Ford buys scooter-sharing service Spin as it looks to expand beyond cars

Spin Scooter

Ford has acquired scooter-sharing company Spin. It’s the latest effort by the Blue Oval to expand beyond making and selling cars and into other forms of transportation. The acquisition launches Ford into a prominent position in scooter sharing, which has exploded in popularity over the last year. Spin currently operates in 13 cities and campuses across the United States, according to Ford.

San Francisco-based Spin is one of many companies offering dockless scooter sharing. Similar to companies like Bird and Lime, Spin’s scooters can be picked up or dropped off anywhere. That means riders don’t have to go to designated stations, which makes things more convenient. But the tendency for scooters to be scattered along sidewalks and in entryways hasn’t helped the public perception of scooter-sharing services. Ford argues that Spin takes a less-antagonistic approach than other companies.

“Spin is committed to working hand in

hand with cities and universities,” Sunny Madra, vice president of Ford X, the automaker’s mobility service unit, wrote in a blog post. “They do not launch without permission; they share usage data with cities; and they work with local officials and university campuses to design educational tools around parking and riding rules.”

Renting electric scooters has quickly grown into a big business. Bird and Lime are attracting significant investment and steadily expanding their operations. The concept has also attracted Uber and Lyft, which are looking to expand beyond their core ridesharing businesses. Uber and Lyft recently deployed their first scooters in Santa Monica, California, and Denver, respectively.

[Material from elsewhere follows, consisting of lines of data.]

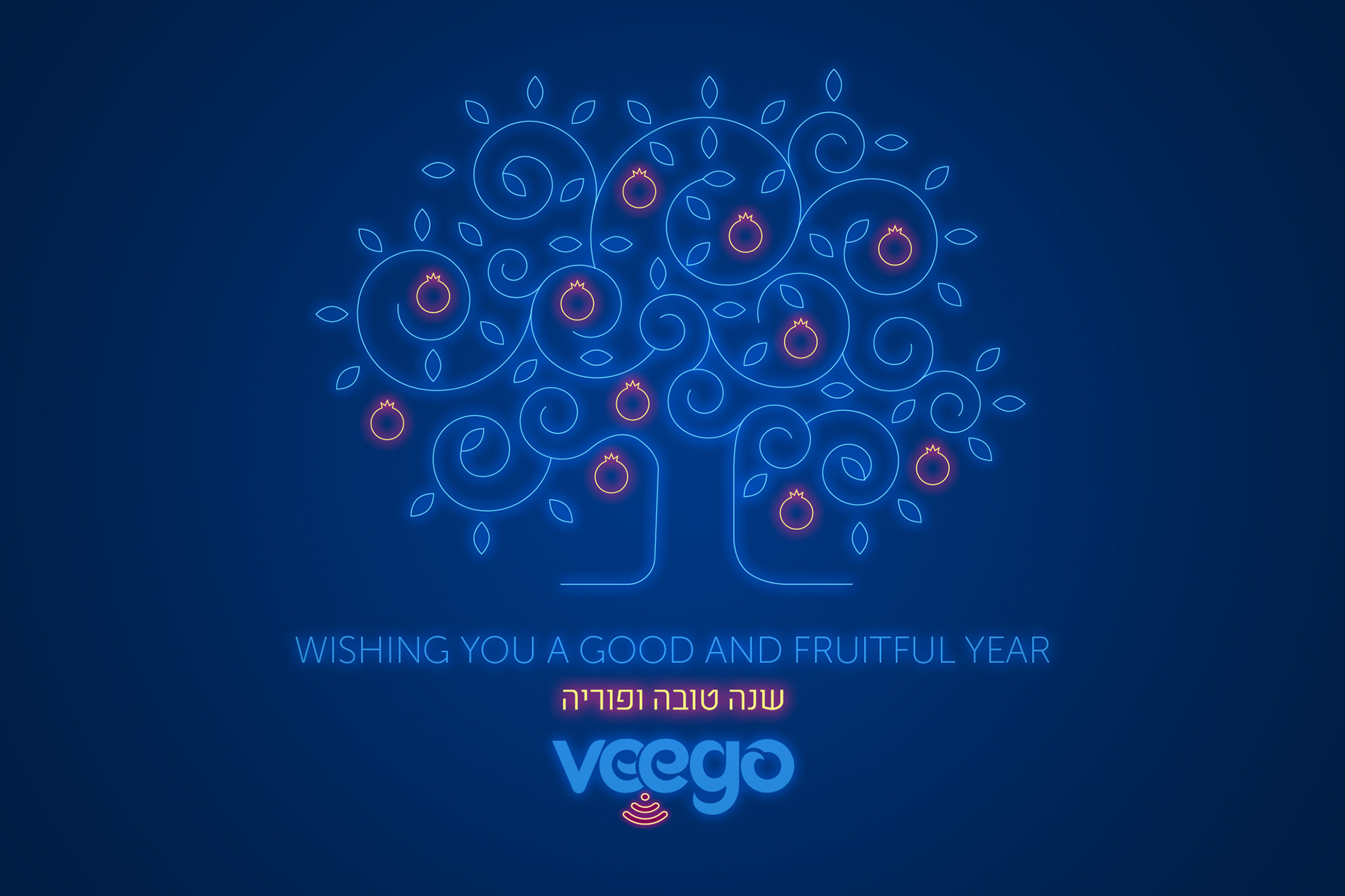 Illustration for Veego's greeting card for the Jewish New Year, designed to match existing company branding.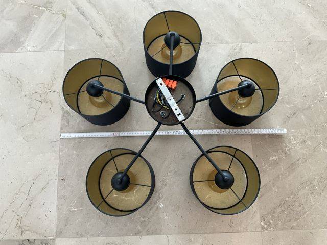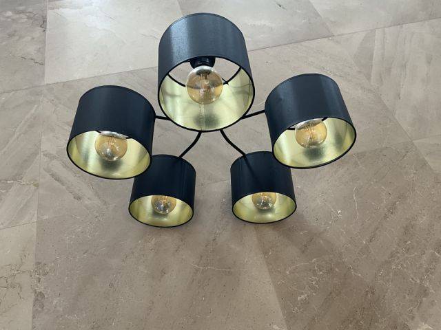 1 lámpara de techo de cinco luces, negra por fuera y dorada por dentro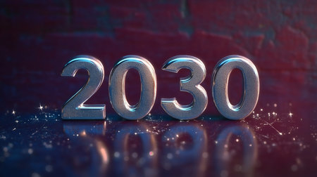 Shiny Chrome Date Number 2030 with Reflections, Metallic Background for New Year Celebration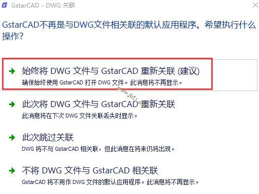 7、建議默認(rèn)選擇(始終將DWG文件與GstarCAD重新關(guān)聯(lián)(建議)),無需更改;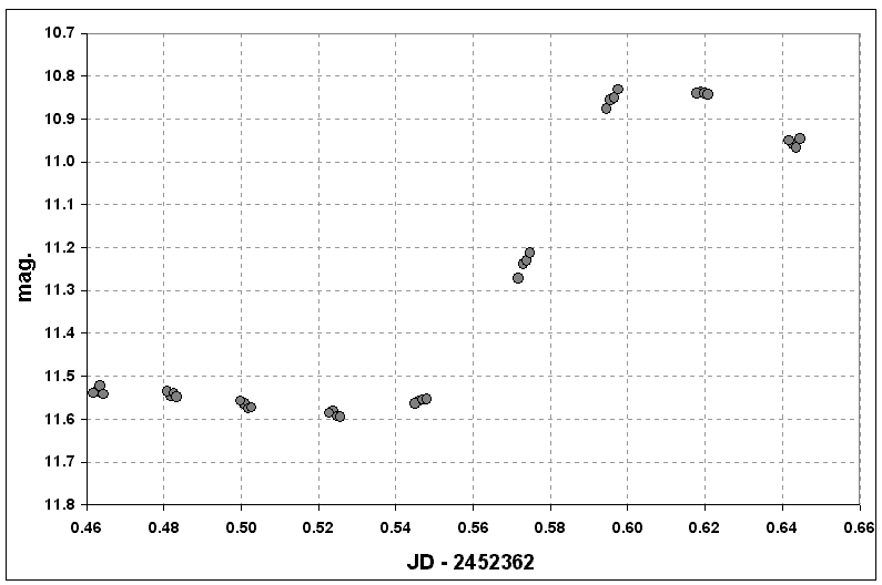 | MAX = JDH 2424794.274 + 0.4700234 [d] x E | (3) |

Even if there’s money to be made, renting two-wheeled vehicles still seems like a big pivot from selling four-wheeled vehicles. So what does Ford see in scooter sharing?

Ford has already dabbled in transportation services that offer an alternative to cars. The automaker slapped its name on the GoBike bike-sharing service, which is operated by Lyft-owned Motivate. In 2015, Ford also launched a project called Info Cycle that equipped bicycles with data-gathering sensors, and it continues to experiment with sharing services like the Chariot shuttle service.

This multipronged approach to transportation is part of Ford’s long-term strategy, Madra said. In cities, scooters allow people to circumvent issues like traffic congestion and parking, he noted, and are inexpensive to use (Spin scooters cost $1.00 to rent plus 15 cents per minute of use). Madra said services like scooter sharing will complement Ford’s car business, which includes the ongoing development of self-driving cars.